Refletir sobre espaço público hoje, direito à aparecer e performatividade do corpo inclui entender que, segundo a autora, esta conjunção entre a rua e a mídia constitui uma versão bastante contemporânea da esfera pública, em que os corpos que estão expostos têm que ser pensados como situados simultaneamente aqui e ali, agora e depois, simultaneamente transportados decorrendo destas duas modalidades de espaço e tempo, que podem trazer consequências políticas distintas para esses “lugares” espacial e temporalmente diferentes que estão sendo ocupados.

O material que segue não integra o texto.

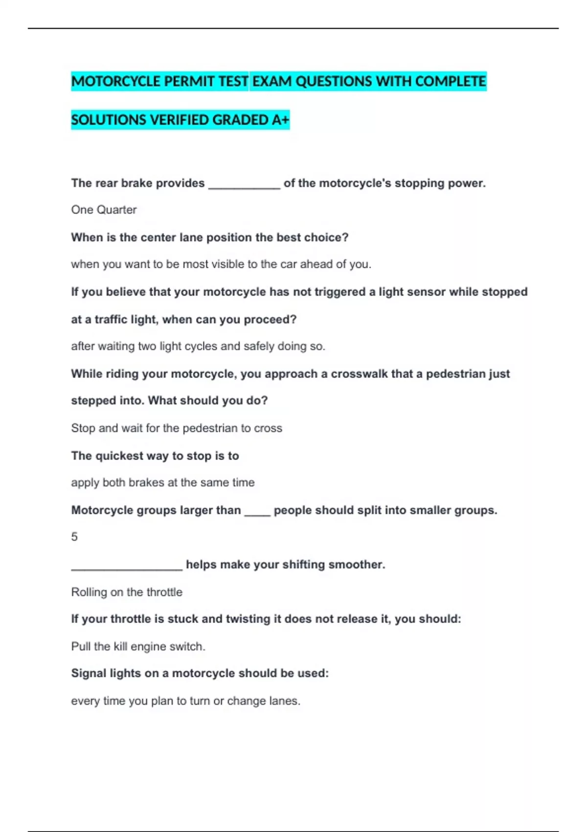 MOTORCYCLE PERMIT TEST EXAM QUESTIONS WITH COMPLETE SOLUTIONS VERIFIED GRADED A+ The rear brake provides ___________ of the motorcycle's stopping power. One Quarter When is the center lane position the best choice? when you want to be most visible to the car ahead of you. If you believe that your motorcycle has not triggered a light sensor while stopped at a traffic light, when can you proceed? after waiting two light cycles and safely doing so. While riding your motorcycle, you approach a crosswalk that a pedestrian just stepped into. What should you do? Stop and wait for the pedestrian to cross The quickest way to stop is to apply both brakes at the same time Motorcycle groups larger than ____ people should split into smaller groups. 5 _________________ helps make your shifting smoother. Rolling on the throttle If your throttle is stuck and twisting it does not release it, you should: Pull the kill engine switch. Signal lights on a motorcycle should be used: every time you plan to turn or change lanes. If you are about to collide with an object and you wish to get the motorcycle to lean quickly to the right, you should: push the inside of the right handle grip Rolling on the throttle through a turn will help stabilize the motorcycle if a vehicle enters your path, you should: Move away from the vehicle When making a normal turn, should the motorcycle rider lean? Yes the motorcyclist should lean with the motorcycle To stop as quick as possible, you should: Use both brakes at the same time Riding with both legs on the same side of the motorcycle is: never permitted Because riding a motorcycle is more tiring than driving a car, you should: Take frequent breaks By leaving a minimum of ____ seconds between yourself and the vehicle in front of you, you ensure you have enough stopping distance. 2 Maximum straight line braking is achieved by: applying both breaks without the wheels locking Before each motorcycle ride, you should adjust: side mirrors Why is maintaining a space cushion important?

Para finalizar, Butler acredita que os corpos expostos na praça – e todas as suas necessidades ali representadas – se tornam um assunto crucial da política. Neste sentido, os corpos que se organizam e dormem na rua “se constituem uns aos outros enquanto imagens a serem projetadas para todos os que assistiam, peticionando nossa atenção e reação de modo a arregimentar uma cobertura de mídia que não consentisse que o evento em curso fosse abafado ou escapulisse”.

Utilizando o exemplo da Primavera Árabe, a autora considera que foi somente quando aquelas necessidades que deveriam supostamente permanecer privadas foram expostas dia e noite na praça, e transformadas em imagens e discursos pela mídia (novas e tradicionais), que se tornou possível estender o espaço e o tempo do evento ao ponto de trazer mudanças práticas. “Afinal, as câmeras nunca pararam; os corpos estavam lá e aqui; eles nunca pararam de falar (nem mesmo ao dormir), e deste modo não puderam ser silenciados, isolados ou negados: a revolução, de vez em quando, ocorre porque todos se negam a ir para a casa, aderindo ao asfalto como o lugar de sua convergente e temporária coabitação”.

BUTLER, Judith. “Bodies in Alliance and the Politics os Street” in Notes Toward a Performative Theory of Assembly. Cambridge-Massachusetts: London-England: Harvard University Press, 2015 [tradução para uso didático por Leandro de Oliveira. Belo Horizonte .FAFICH/ UFMG, 2016, mimeo].